Необходимо срочно разобраться, полностью разобраться во всем, что связано с этими треклятыми беспорядками. Если ему угодно, можно включить это убийство в означенные материалы и расследовать вкупе со всеми остальными. В итоге, несомненно, выяснится, что здесь, как и повсюду, чиновники исполняли свой долг и администрация совершенно ни в чем не виновата.

– А на всем прочем поставьте крест. Позднее можете к этому вернуться, если через годик не забудете, друг мой!

Эрмин понимал, что сейчас без такого человека, как он, здесь никак не обойтись. Понимал интересы мандатария, весомые аргументы политических ведомств, замешательство Верховного комиссара, который, прервав отпуск, примчался в Иерусалим, понимал профессиональные заботы чиновников (ведь и сам принадлежал к их числу), важность общей судьбы.

В эти недели он был очень энергичен, работал прекрасно. Только сожалел, что не поехал этим летом в отпуск, на что, собственно, имел полное право, а заодно разом избежал бы и этой чертовой августовской жары, и беспорядков. Он больше не говорил о де Вриндте и в ускоренном порядке добился освобождения рабочего Бера Блоха. Посмеялся он в это время единственный раз, когда лейтенант Машрум, услышав, что Эрмин в Хайфе разговаривал с коммунистами, предложил немедля арестовать Левинсона и четырех его товарищей, а мистер Робинсон со вздохом облегчения отдал соответствующий приказ, поручив местным властям расследовать, в какой мере эти большевики, подстрекая феллахов, готовили мировую революцию. Только вот впервые после войны Эрмин потерял вкус к жизни. Не испытывал ни волнения, ни мировой скорби, ни необузданного протеста; то, что ему докучало, его предки называли сплином и относили за счет лондонского тумана, обременительных военных долгов после подавления Французской революции и низвержения Бонапарта. Некий немецкий протестант сказал однажды, что жизнь – это радость; подобные вещи запоминаются по школьным урокам религии. Эрмину жизнь радостью не казалась. Он был слишком умен, чтобы ставить судьбу индивида выше судьбы масс. Сохранение государства и существование империи важнее дела об убийстве. Для некоего Менделя Гласса границы закрыты, этот краснощекий парень с задумчивыми глазами на заметке в паспортном контроле и в пароходствах. Но Эрмину больше не хотелось продолжать расследование, странным образом ему вообще ничего не хотелось. И нельзя не признать: виноват в этом сам покойный господин де Вриндт и его несусветные стихи.
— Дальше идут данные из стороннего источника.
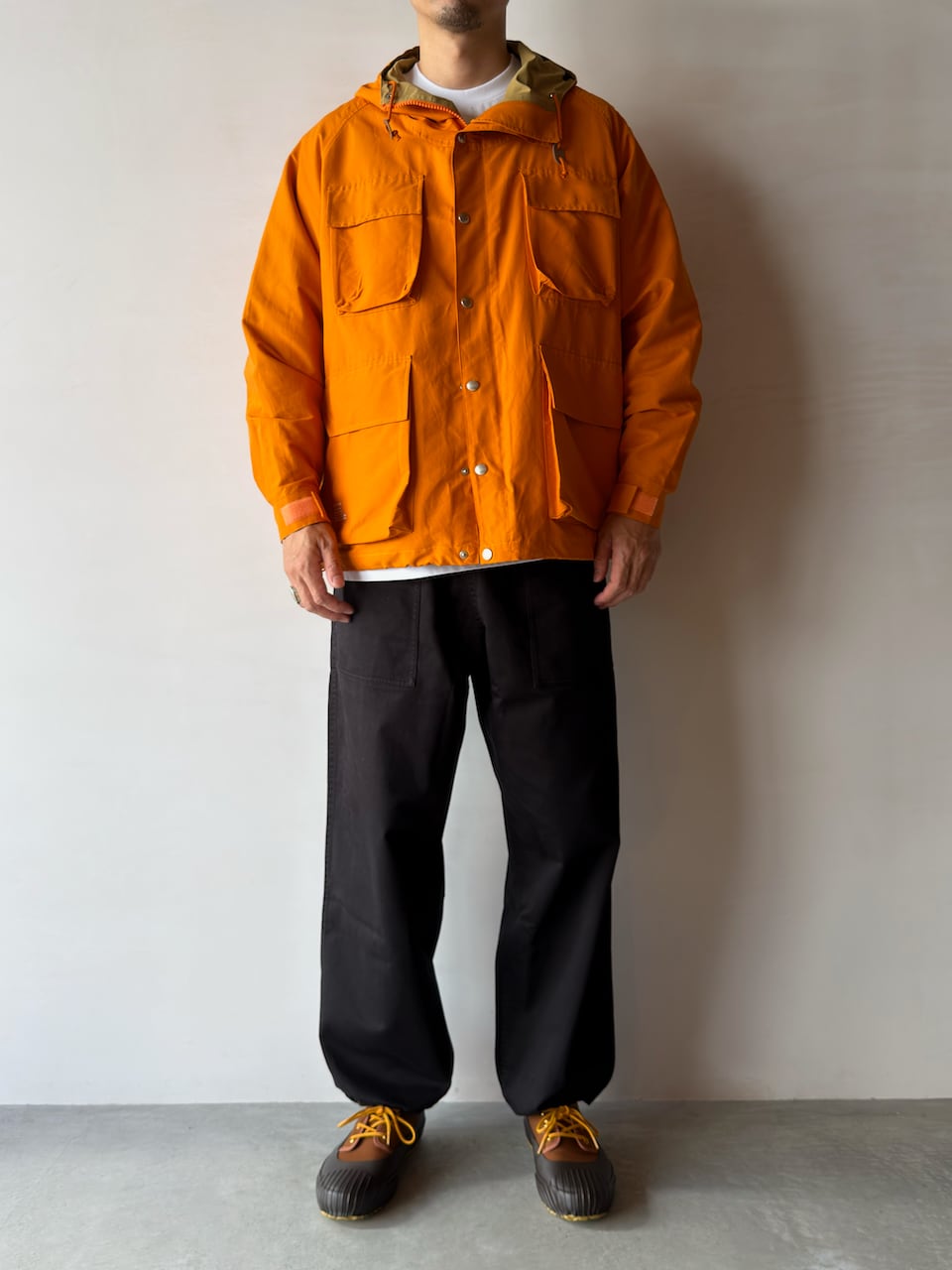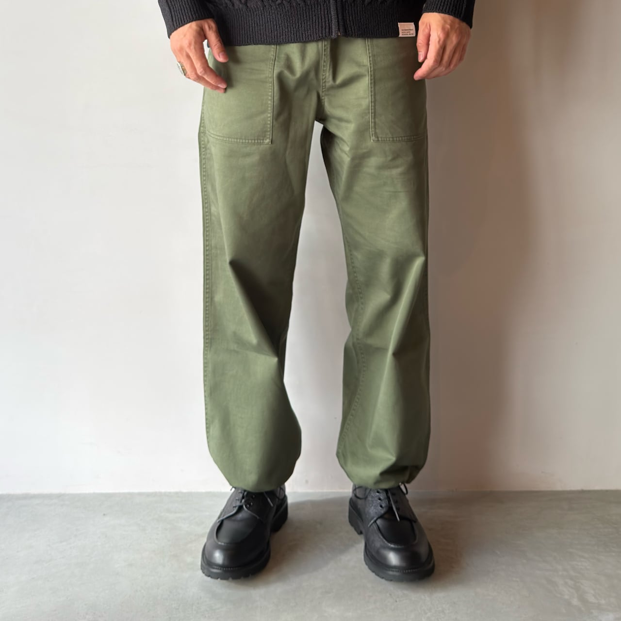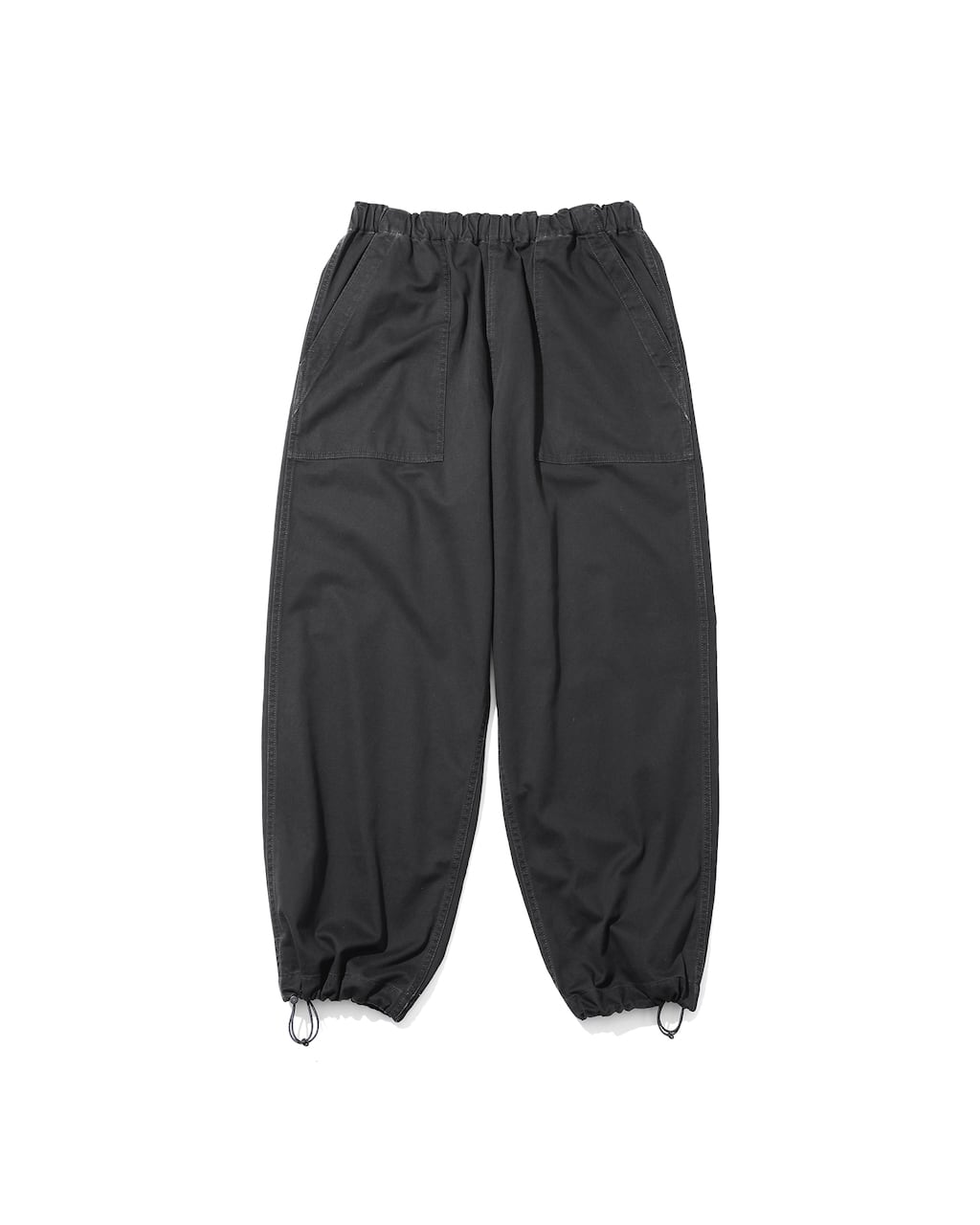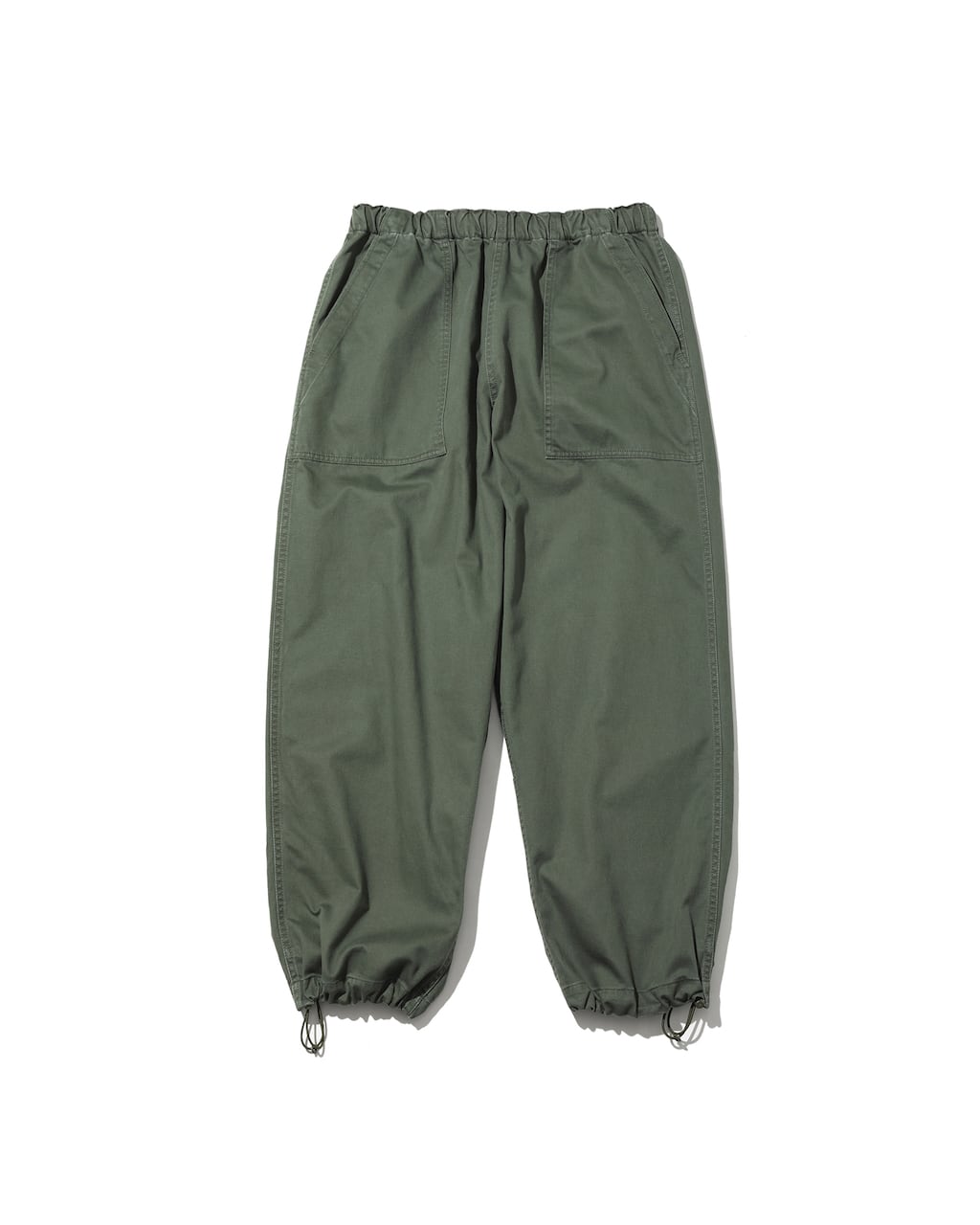 ウエストや裾にはドローコードを配し、シルエットの微調整や着脱を容易に。リラックスしたワイドシルエットは、ストリートスタイルからカジュアルコーデまで幅広く活躍します。タフな作りと経年変化による風合いで、長く付き合える一本です。
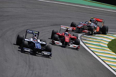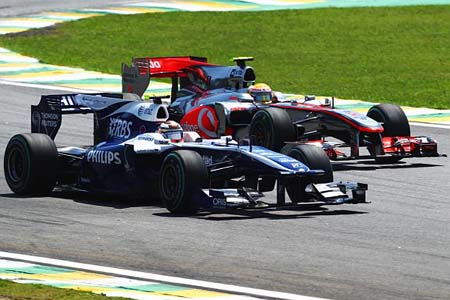 Οι Βραζιλιάνοι οδηγοί ήταν άτυχοι σήμερα... Ο Rubens Barrichello βρισκόταν στην 7η θέση, όταν ένα πρόβλημα στο μπουλόνι του πίσω δεξιού τροχού κόστισε αρκετό χρόνο κατά το pit stop του. Στον 35ο γύρο, ο Barrichello είχε μια επαφή με την Toro Rosso του Jaime Alguersuari, η οποία προκάλεσε την αστοχία του εμπρός αριστερού ελαστικού της Williams, απαιτώντας ένα επιπλέον pit stop. Συνεπώς, ο Βραζιλιάνος κατέληξε στη 14η θέση, εμπρός από τον συμπατριώτη του, Felipe Massa.
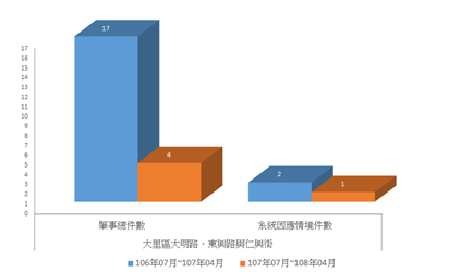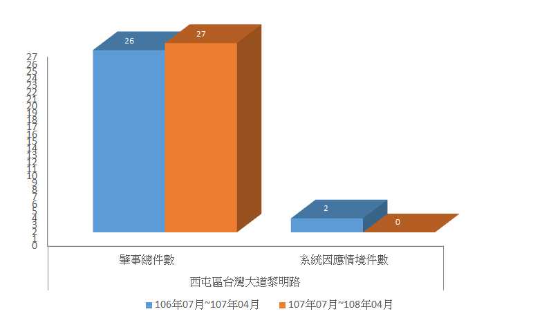 設置路口肇事次數以106年7月至107年4月比較107年7月至108年4月,西屯區台灣大道與黎明路口由2件減至0件,大里區大明路、東興路與仁興街由2件減至1件,初步檢視適用情境事故件數下降。而107年期計畫因建置時間尚短,可供統計分析的樣本數少,故目前尚處於績效分析階段。

Однажды утром его пригласили к мистеру Робинсону, в его голый кабинет, залитый холодным светом, единственное украшение – портрет его величества короля Георга V, висевший напротив письменного стола. Служители как раз заносили в кабинет стулья; совещание? – спросил себя Эрмин. Поздоровался с собравшимися – рабби Цадоком Зелигманом и королевским консулом Голландии – и снова увидел доктора Генриха Клопфера, университетского преподавателя, которого мистер Робинсон пригласил как эксперта.

От общины рабби Цадока поступило заявление, к которому прилагалось некоторое количество газетных вырезок, голландских, немецких, британских. Они намеревались устроить поминальную церемонию по убитому ревнителю священного дела и хотели бы сообщить скорбящим, какие шаги предприняты для поимки убийцы. После телефонного звонка агудистов голландский консул не мог не присоединиться к их ходатайству. Было известно, что полиция арестовала подозреваемого и снова отпустила, однако иных успехов не предъявила. Так как же обстоит дело?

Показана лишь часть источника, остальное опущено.